Locate the line that contains "El set de sartenes" in the entries below, then repeat it and every following line through the line that contains "布魯克林85街一樓2房1廳近地鐵購物方便合正職小家庭電917-361-3919", exactly, and no others.

■ Extracted records:
---+---

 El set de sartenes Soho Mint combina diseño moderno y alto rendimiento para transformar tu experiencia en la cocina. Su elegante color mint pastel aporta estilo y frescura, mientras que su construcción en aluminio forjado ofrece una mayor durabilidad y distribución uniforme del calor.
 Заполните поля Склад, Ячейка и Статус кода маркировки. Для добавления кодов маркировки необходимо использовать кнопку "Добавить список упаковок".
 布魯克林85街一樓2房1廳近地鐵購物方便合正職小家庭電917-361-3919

---+---

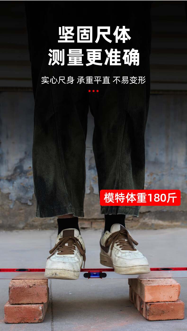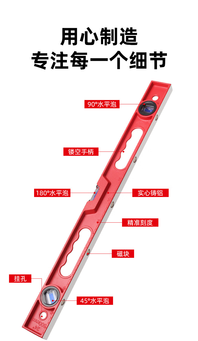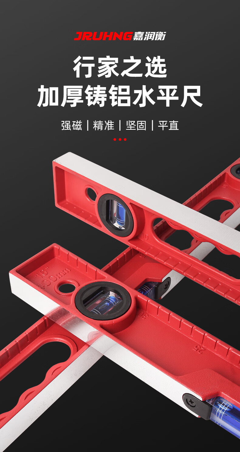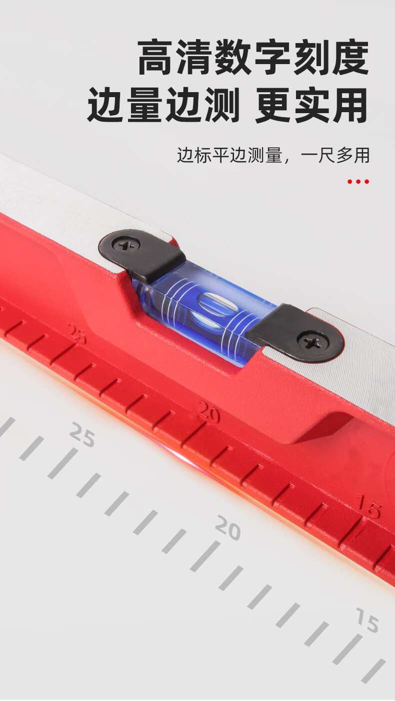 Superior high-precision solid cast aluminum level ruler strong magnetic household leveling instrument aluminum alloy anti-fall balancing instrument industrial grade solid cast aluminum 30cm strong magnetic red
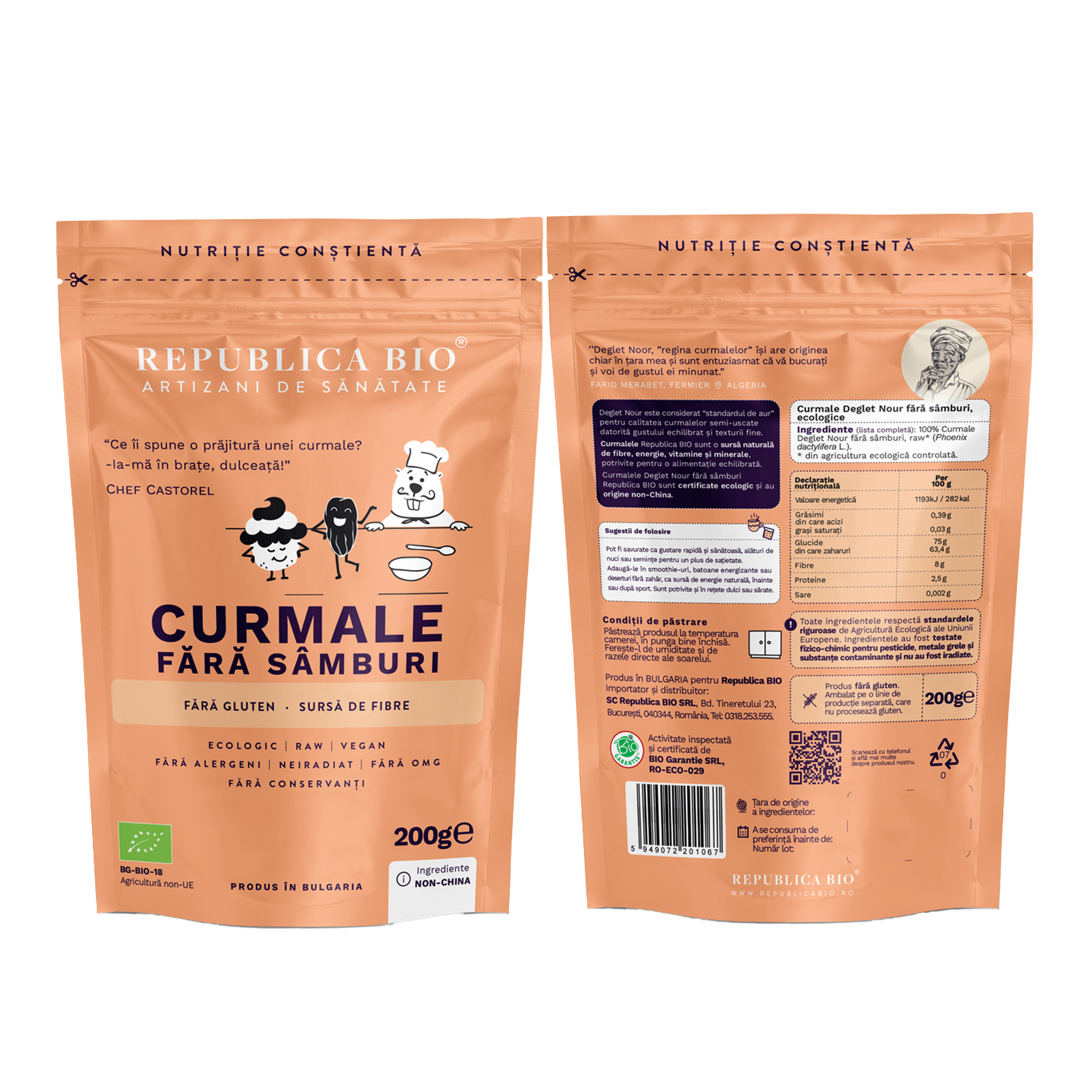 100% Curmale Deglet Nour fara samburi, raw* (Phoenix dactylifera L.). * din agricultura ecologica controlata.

---+---

■ Result:
 El set de sartenes Soho Mint combina diseño moderno y alto rendimiento para transformar tu experiencia en la cocina. Su elegante color mint pastel aporta estilo y frescura, mientras que su construcción en aluminio forjado ofrece una mayor durabilidad y distribución uniforme del calor.
 Заполните поля Склад, Ячейка и Статус кода маркировки. Для добавления кодов маркировки необходимо использовать кнопку "Добавить список упаковок".
 布魯克林85街一樓2房1廳近地鐵購物方便合正職小家庭電917-361-3919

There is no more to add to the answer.